We drove on to San Juan Bautista, the small spanish town that sits astride the San Andreas fault.  Blessed in the year 1797 by Fr. Fermin de Lasuen, mission San Juan was  completed and dedicated on June 23, 1812.  It was heavily damaged in the earthquake of 1906, which ruptured the fault line just to the east at the base of the hill by the cemetery.  The old mission has played many roles, one of the more interesting being the centerpiece of the 1958 Alfred Hitchcock thriller Vertigo, starring Jimmy Stewart and Kim Novak.

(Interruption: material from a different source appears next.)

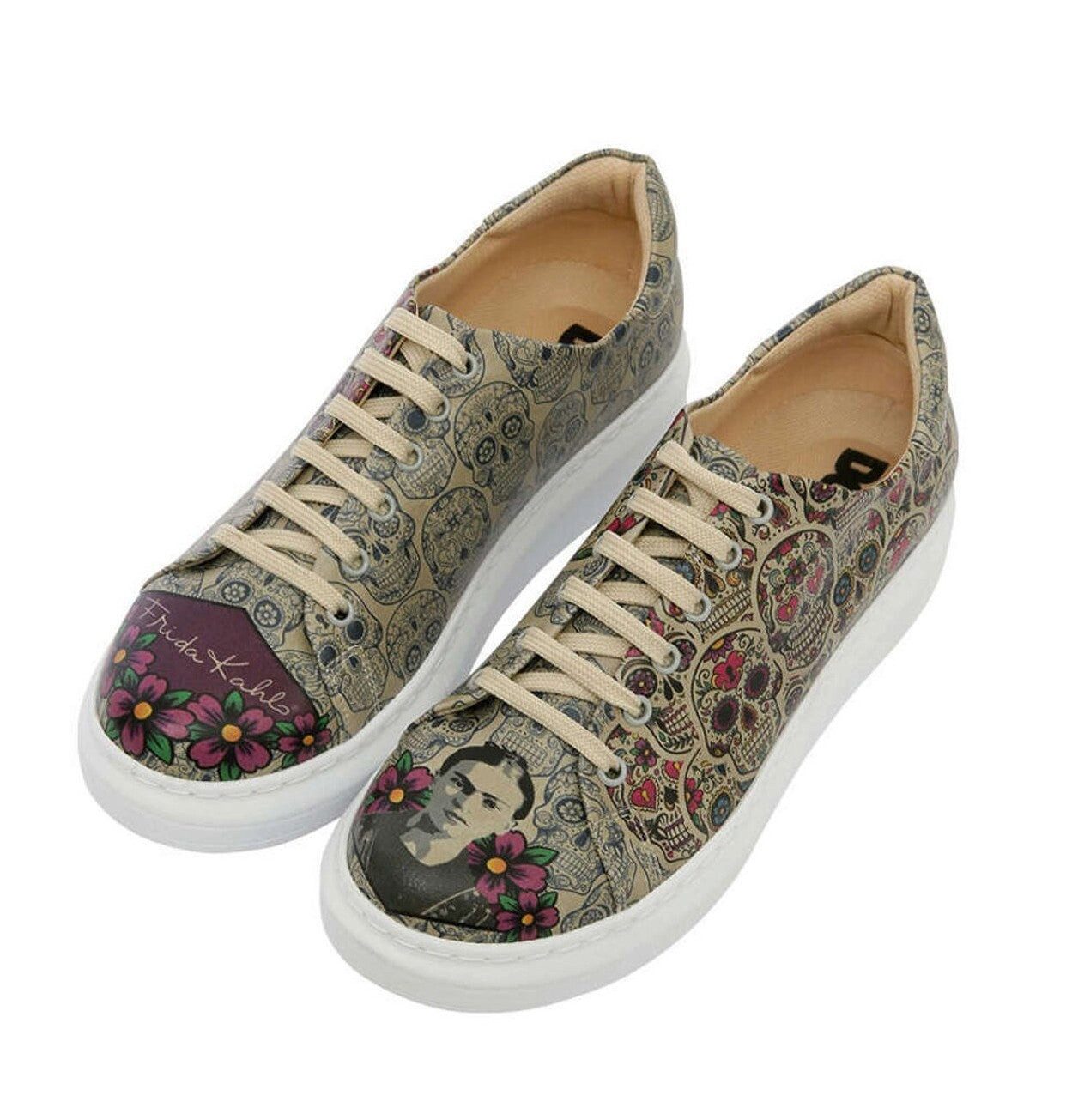 Tauchen Sie ein in die faszinierende Welt der Kunstlegende Frida Kahlo mit unseren einzigartigen Sneakern. Jedes Paar ist eine lebendige Erinnerung an ihr außergewöhnliches Leben und Werk. Das Schuhdesign vereint auf eindrucksvolle Weise Leben und Tod, indem es Fridas Kunst mit ikonischen Elementen ihrer surrealistischen Werke kombiniert. Diese Sneaker sind mehr als nur Schuhe; sie sind eine Hommage an eine der inspirierendsten Künstlerinnen aller Zeiten. Mit ihrem künstlerischen Flair und ihrem einzigartigen Stil sind diese Sneaker ein Must-Have für Kunstliebhaber und Frida-Kahlo-Fans.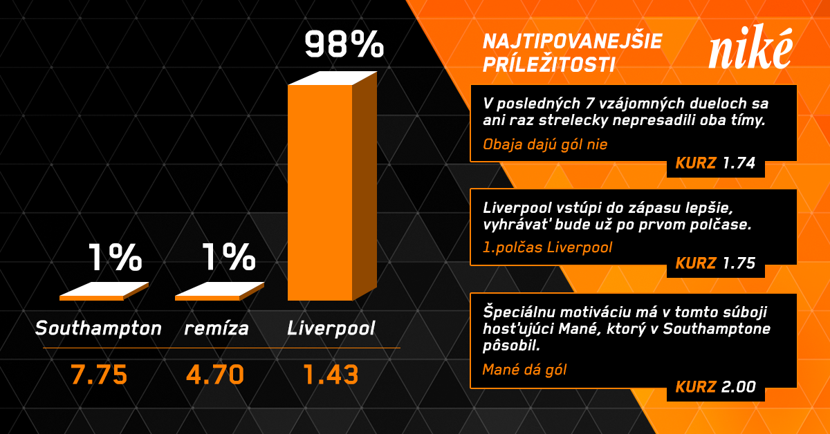 Pre oba tímy je to mimoriadne dôležitý duel. Southampton potrebuje body ako soľ v boji o záchranu, podobne, zaváhanie si v naháňačke o majstrovský titul nemôže dovoliť ani Liverpool.

At last we came to the Cienega Valley and the DeRose vinyard and winery.  The winery is the latest of several wine buildings at that location since the mid 19th century.  It sits directly astride the creeping San Andreas fault, with the eastern side of the winery on the North American tectonic plate, and the western side on the Pacific plate.  A building inspector noticed the damage to the winery in 1956, and was followed shortly thereafter by teams of geologists and seismologists.  The wine itself is crafted under the careful supervision of winemakers Pat and Al DeRose and their families.  A wonderful antique car museum occupies one portion of the building.

As I reflect on those events, I find on the table in front of me a bottle of DeRose Syrah 2006, a fine vintage from the old dryfarmed vines, recalling fond memories of that time on the fault line many years ago.